What does MedicAlert mean to you?

It means assurance. And if I can’t advocate for myself, or speak for myself, I always know that I am still safe. I like that my MedicAlert ID opens the doors for advocacy – so I can inform others of my health and how to help me in emergent situations.

Have you ever had a MedicAlert moment where an emergency responder identified and located your id?

Yes, I had one instance when a first responder identified my bracelet. I was in a car accident, but not injured. I still needed to be examined because of my Klippel Feil Syndrome. They noticed and read my bracelet then asked me about the engraving, which gave me the chance to explain further details with my health.

Do you wear your MedicAlert ID every day?

I wear my bracelet every single day. I only take it off if I need tests (at the hospital) a couple of times a year. I feel like something is missing when I don’t wear it, because I have worn it for over 15+ years!

Does your MedicAlert ID empower you to live your story?

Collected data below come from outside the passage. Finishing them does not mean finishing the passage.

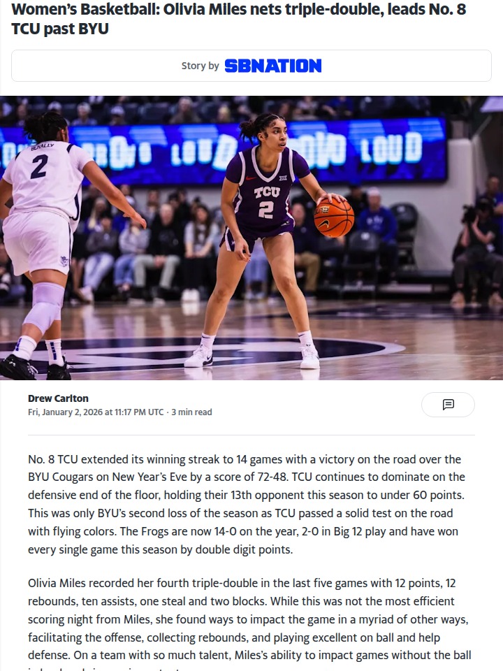 Susan Reeves+FollowOlivia Miles Triple-Double Sparks FrogsFrog fans, how about Olivia Miles? The do-it-all point guard just notched her fourth triple-double in five games, leading the No. 8 Horned Frogs to a dominant win over BYU. TCU’s defense was lights out again, holding the Cougars to just 48 points and forcing 17 turnovers. With five Frogs in double figures and the bench stepping up, this squad looks ready to defend their Big 12 crown. Can anyone slow down Miles and the Frogs’ 14-0 run? #Sports #Basketball #GoFrogs10Share
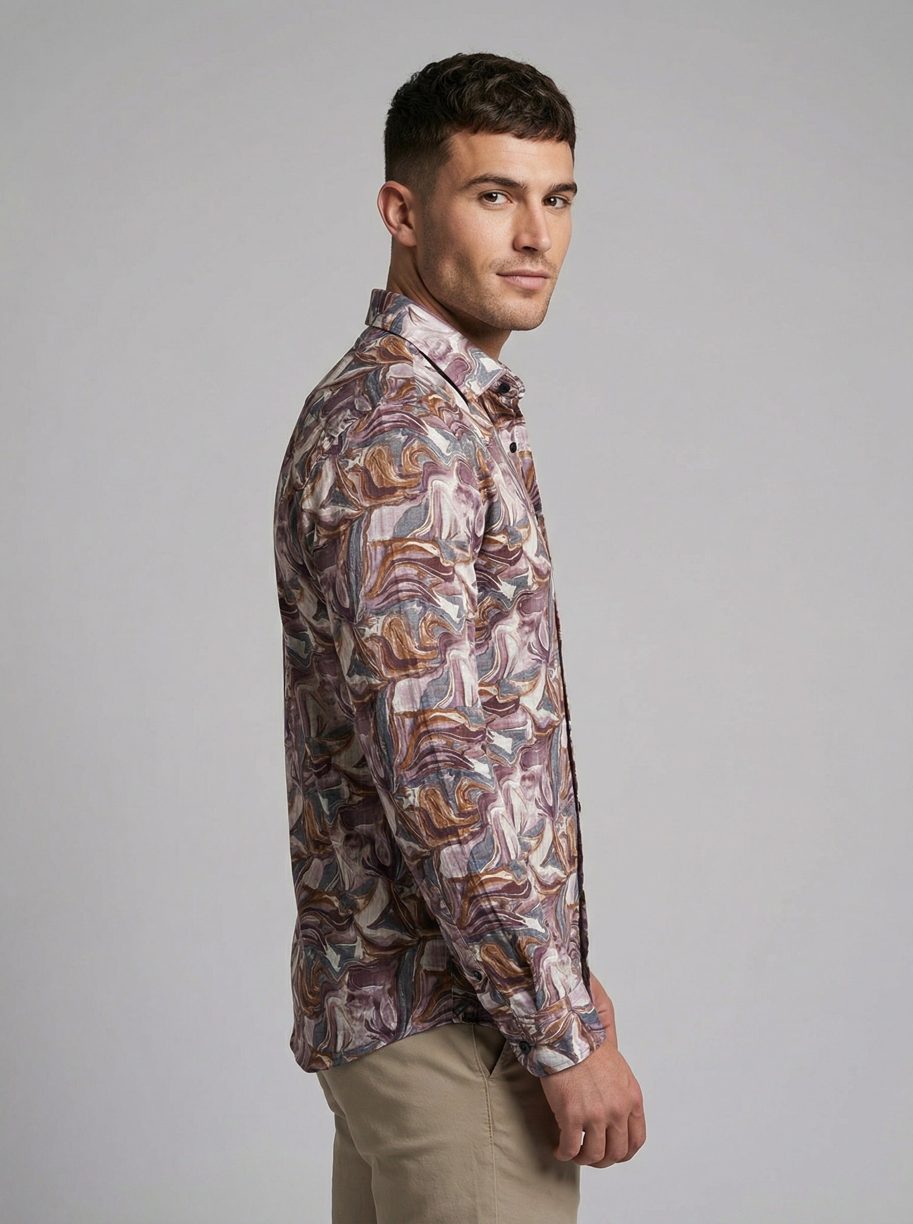 Elevate your casual wardrobe with our Men's Abstract Print Long Sleeve Button-Down Shirt. Crafted from a premium, lightweight linen-blend fabric, this shirt offers unparalleled breathability and comfort, making it perfect for year-round wear. The striking abstract watercolor pattern in shades of slate grey on a crisp white base creates a modern, artistic look that stands out without being overwhelming.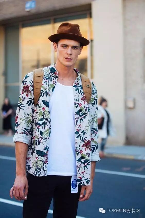 印花衬衫相对来说风格反倒是没那么街头,由于本来就很花,所以内搭的Tee还是要用大面积的黑白色来中和,适合性格外放但气质又能沉得下来的男士。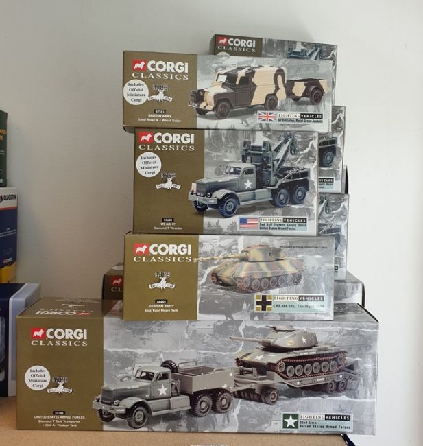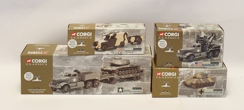 Collection of Corgi classics fighting vehicles to include ' 66601 German Army King Tiger Heavy Tank', 6 x '55601 US Army Diamond T Wrecker', etc (14)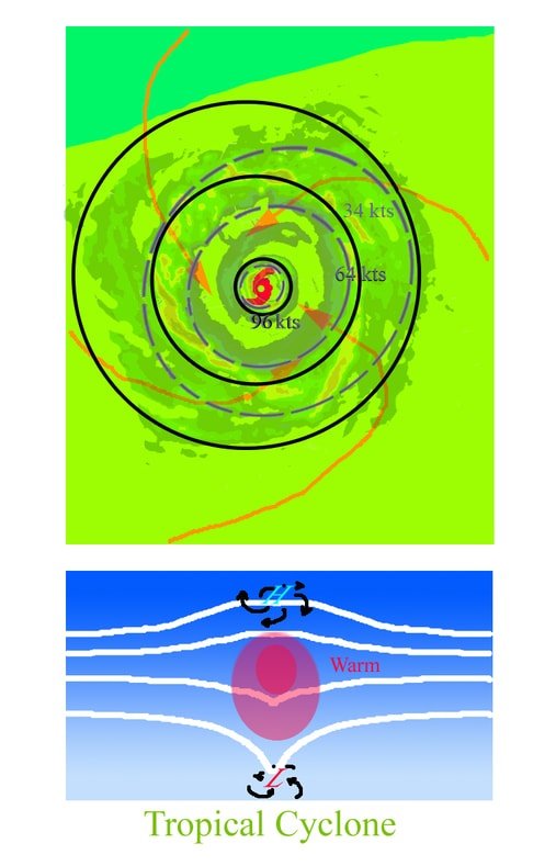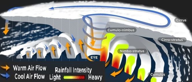 8- الأمطار : في الأعاصير المدارية تهطل الأمطار بشكل غزير جدا في ساعات حيث يمكن أن تتجاوز 800ملم و تؤدي إلى حدوث فيضانات مع رياح نشطة جدا تسبب في أضرار كبيرة. الفترة الزمنية للأمطار المصاحبة للإعصار تكون أقل من يومين كتأثير مباشر.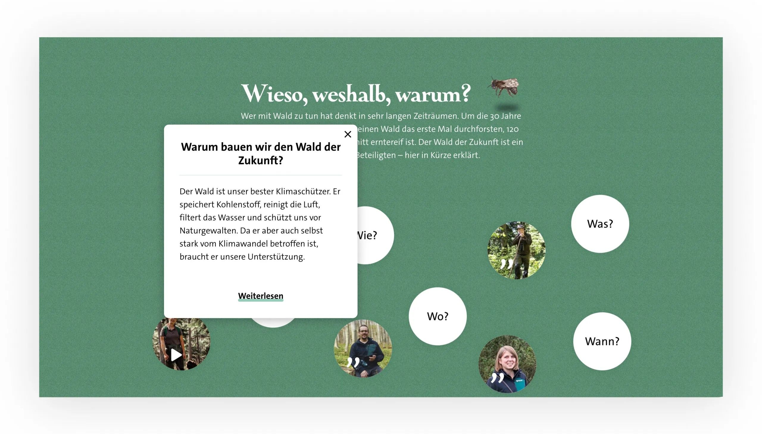 Was genau ist der Wald der Zukunft, wer ist die Bundesforste, was sollte man zu diesem Jahrhundertprojekt wissen? In diesem interaktiven Abschnitt auf der Website werden alle wichtigen W-Fragen beantwortet. Zu jeder Frage gibt es auch eine Unterseite, wo das Thema noch ausführlicher behandelt wird.

Well, it opens the doors to conversations. I am often asked what it is. CHD isn't something that you can see on the outside. The bracelet identifies my condition. And that could be the reason why some people choose not to wear it, because they don't want to be different. But I don’t care.

A lot of people tell me how much they like my MedicAlert bracelet, even though it's just a simple piece of metal keeping me safe. To me, I see it as an opportunity to share my story, my testimony of how far the Lord has brought me.

Does your MedicAlert ID help you live your life the way you want to?

Absolutely! I find comfort in wearing it. I don't have as many "well if this happens how will people know about my heart?” moments or thoughts going through my head. It's comforting to wear my ID, to know that I'm safe.

Does having a MedicAlert ID give you a sense of comfort during the COVID19 pandemic?

It does. I know I am at high risk because of CHD. But I feel like if I need to go into town for something essential, I can show them I have this as my proof that I need to take extra caution with health and safety.

Is there one thing about MedicAlert that you absolutely could not live without?

Well, could I be comfortable without my MedicAlert ID? No, it is a huge blessing to know that I don't have to worry about informing others of my chronic medical condition, especially if I am in an emergency.